Following standard practice, models were evaluated in terms of top-1 accuracy on the validation set. The following table shows that data2vec outperforms prior work with both base and large sizes in the single model; and large size in the multiple models.

Speech Processing

They pre-trained the two sizes of data2vec on the 960 hours LibriSpeech, which contains speech from audiobooks in English, according to the hyper-parameters shown in the following table:

$$bs$$ $$K$$ $$\tau_0$$ $$\tau_e$$ $$\tau_n$$ train updates
Base / Large 63 mins 8 0.999 0.9999 30k 400k

For optimization, they used Adam optimizer with a peak learning rate of $5 \times 10^{- 4}$ with a tri-stage scheduler which linearly warms up the learning rate over the first $3\%$ of updates and holds it for $90\%$ and then linearly decays it over the remaining $7\%$. The following table shows the results on librispeech test-other when fine-tuning pre-trained models on the libri-light low-resource labeled data. As you can see, improvements can be seen when adding more and more labeled data across both data2vec sizes surpassing other models such as wav2vec 2.0, HuBERT, and WavLM.

To further validate these results, they also used the AudioSet benchmark where they used the same pre-training hyper-parameters as before while increasing $K$ to $12$ and training for fewer steps ($200k$) with bigger batch size ($94.5\ mins$). Also, they applied DeepNorm and layer normalization to stabilize pre-training. Finetuning was done on the balanced subset for $13k$ steps and a batch size of $21.3\ mins$. Results are shown in the following table which shows that data2vec can outperform comparable setups that uses the same pre-training and fine-tuning data:


They pre-trained data2vec on the same pretraining setup of BERT on the Books Corpus and English Wikipedia data using Adam optimizer with a tri-stage learning scheduler according to the following hyper-parameters:

$$bs$$ $$K$$ $$\beta$$ $$\tau_0$$ $$\tau_e$$ $$\tau_n$$ train updates
Base 256 10 4 0.999 0.9999 100k 1M

After pre-training, they fine-tuned the result model on the GLUE benchmarks separately on the labeled data provided by each task. The average accuracy on the development sets over fine fine-tuning runs are reported below:

The previous table shows that data2vec outperforms RoBERTa baseline and its performance is improved once using the wav2vec 2.0 masking that spans four tokens.
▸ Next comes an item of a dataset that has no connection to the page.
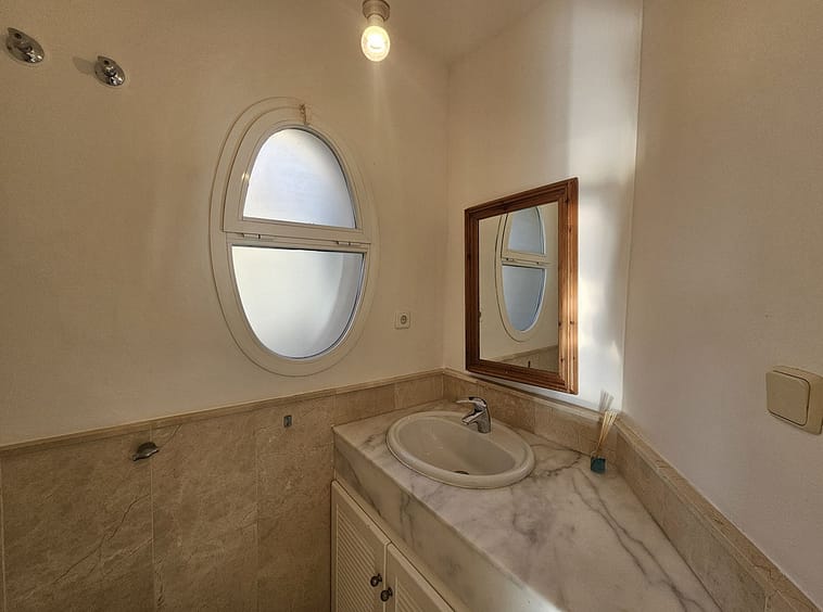Exceptionally bright and attractively priced semi-detached villa in Riviera del Sol. Distributed over three floors, this property offers 3 bedrooms, 2 full bathrooms and a guest toilet, as well as a living room, separate kitchen, private garage and a garden of almost 70 m2. It includes marble flooring, a small storage room under the stairs, two terraces plus a solarium with sea views totaling approximately 30-40 m2. The house faces south/southeast and is located within a gated community with communal swimming pools and easy access to the Riviera del Sol bus stop. With a constructed area of 151 m2, this is a fantastic opportunity.

To examine the impact of different components about data2vec, authors have performed multiple ablation studies as we are going to see next:

  • Top-K layers:
    They measured the performance across all three modalities when average the top-K layers of the teacher mode that are used to create the training targets for the student model. For faster training, they used the data2vec base model. Results are shown in the following figure where we can see that “speech” needs more averaging deeper layers unlike “NLP” and “Vision”.
  • Masked Ratio:
    They measures the effect of masked ratio on the performance. So, they masked all but a fraction of the data when constructing the target representations in the teacher for pre-training and report downstream performance for speech and vision.